Une gifle cuisante s’abat sur la joue de Raphaël, les larmes coulent au fond de son cœur. Il mâche, déglutit péniblement. Un œil sur la pendule, dans dix minutes il sera hors d’atteinte. Dans son lit. Demain, il rentre au CM1. Il est allé regarder les listes, la chance est de son côté, il reste dans la classe de Capucine. Sa maîtresse est une princesse assise en amazone sur une licorne. Lentement, elle descend de sa monture et lui dépose un baiser sur la joue. Capucine est si belle, mais pas autant que sa maman. D’ailleurs, elle ne ressemble pas à maman. Personne ne lui ressemblera jamais. Elle creuse comme elle de jolies fossettes pour éclairer ses yeux rieurs les rares fois où elle l’embrasse. Capucine dépose les baisers comme Maman. Un bisou sniffeur, le baiser qui respire, qui hume qui aime. Mais maman est maman.
Capucine est ravie. Raphaël sera son élève. Elle a fait des pieds et des mains pour le garder cette année. Ce gamin est un modèle, trop peut-être, insuffisamment remuant pour un enfant de son âge, un hyper taciturne. Il échange parfois quelques mots, ne refuse pas le dialogue, répond avec parcimonie quand on le questionne. Le minimum. Raphaël est à l’image de son père. D’ailleurs, ils n’ont pas parlé une seule fois avec Capucine l’an dernier. Une énigme.
Marc Sainte Baume dépose son fils tous les matins, le laisse sans y penser, comme un jeu de clés dans un vide-poche. Pas même une rapide caresse sur le haut du crâne, jamais une parole pour Capucine. Il n’était pas plus bavard avant la disparition de sa femme. Misogyne ou dégouté de l’école dans sa jeunesse, voire les deux. Capucine hésite.
Aujourd’hui, les enfants partent en excursion, une sortie de cohésion. Ils vont avant tout expulser le trop-plein d’énergie qu’ils ont accumulé pendant leurs vacances et qui ne peut se libérer dans une salle de classe sans risquer de fissurer le tableau. Et les tympans de Capucine. Dans le bus, les gamins entonnent les tubes de l’été Simples-basiques, Défaites de famille. Le petit cheval blanc de Brassens a fini depuis longtemps dans des plats de lasagne surgelés. Ils sont vingt-quatre, effectif réduit. Deux mamans sont venues en renfort, elles sont de toutes les excursions.
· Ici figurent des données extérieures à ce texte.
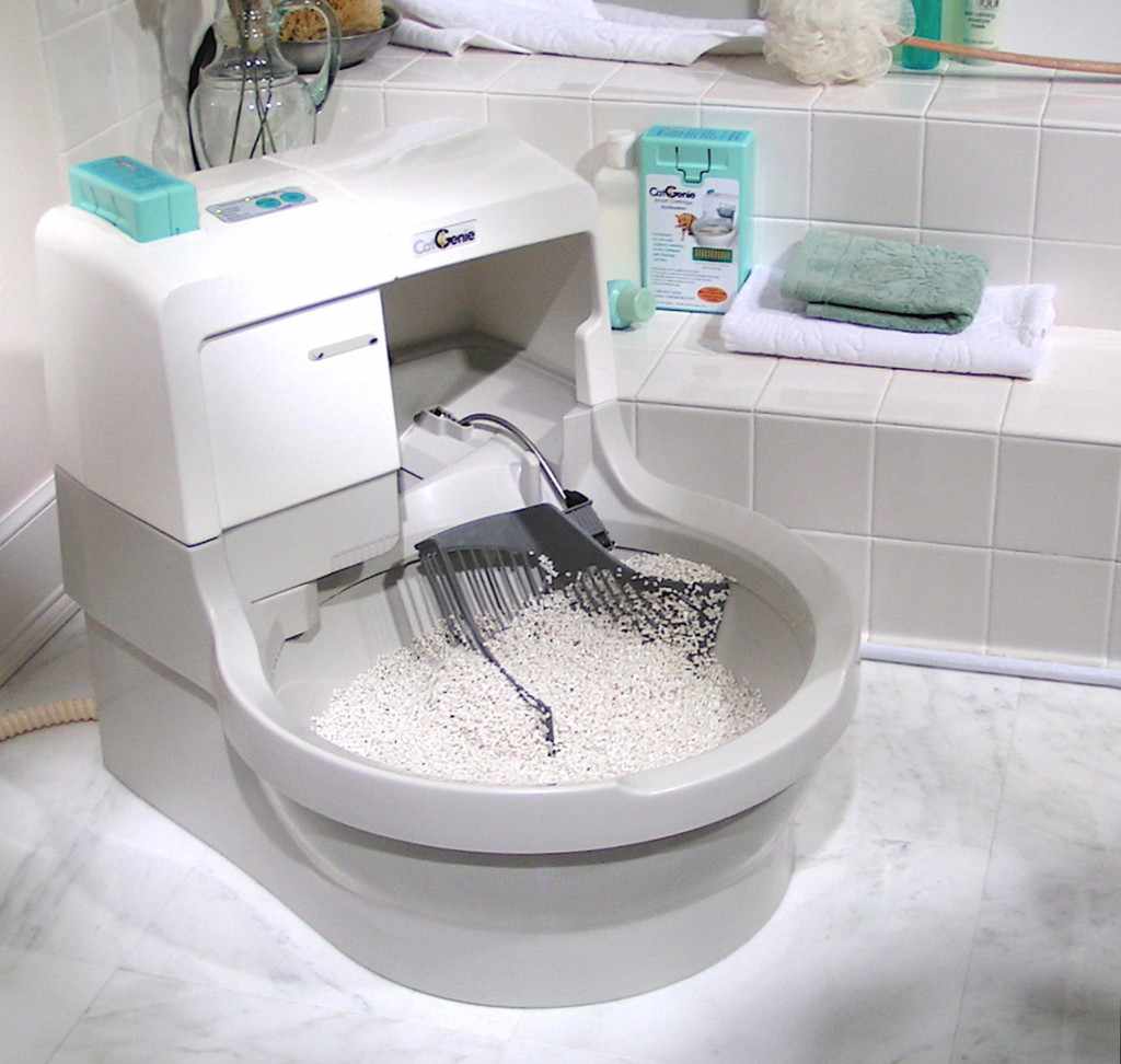- Cat Genie – один из самых дорогих автоматических туалетов. Он имеет вид унитаза круглой формы. В качестве наполнителя используются специальные гранулы. Модель работает от электропитания, а также требует соединения с канализацией и водопроводной системой. Механизм работы позволяет отдельно собирать жидкие и твердые отходы и смывать их в канализацию. После удаления мусора происходит очистка при помощи чистящих средств, поэтому распространение запахов полностью исключается. Удобство этой модели состоит в полной автоматизации процесса очистки, благодаря чему туалетом могут пользоваться одновременно несколько животных.

Elles auraient aimé être enseignantes, alors pendant ces escapades elles braconnent un peu la vie qu’elles n’ont pas eue. Elles en profitent aussi pour tenter d’en connaître un peu plus sur tel ou tel enfant « à problèmes ». Il faut bien tuer le temps en attendant de retrouver sa progéniture à la sortie des classes.
Cette année s’annonce sous les meilleurs auspices, pas un seul n’a eu la nausée dans le bus. Leur mine ensoleillée n’a pas viré au vert. « Boury en Vexin, nous voilà ! » Pour la cinquième fois en deux heures, Capucine compte ses élèves. « Vingt-quatre, c’est bon ». Le parc d’Herouval demeure une destination prisée des écoles primaires. Le site offre une plage, où la hauteur maximale d’eau ne dépasse pas les 30 cm. Les enfants sont difficilement tenables, certains ont même commencé à se déshabiller sur le parking, impatients de rejoindre la fameuse plage.
Capucine et les deux mamans se répartissent les baigneurs, huit chacune. Tous les enfants ont rejoint leur groupe à l’exception de Raphaël. Capucine le tire vers elle par les épaules « Il restera avec moi ». Les trois bandes organisées avancent de façon désordonnée vers la plage. Les mamans plus pressées que la maîtresse ont pris la tête du peloton.
Capucine a ingurgité une quantité phénoménale de café pour anesthésier sa fatigue. Sa vessie menace de se laisser aller sans autorisation si elle ne la soulage pas rapidement.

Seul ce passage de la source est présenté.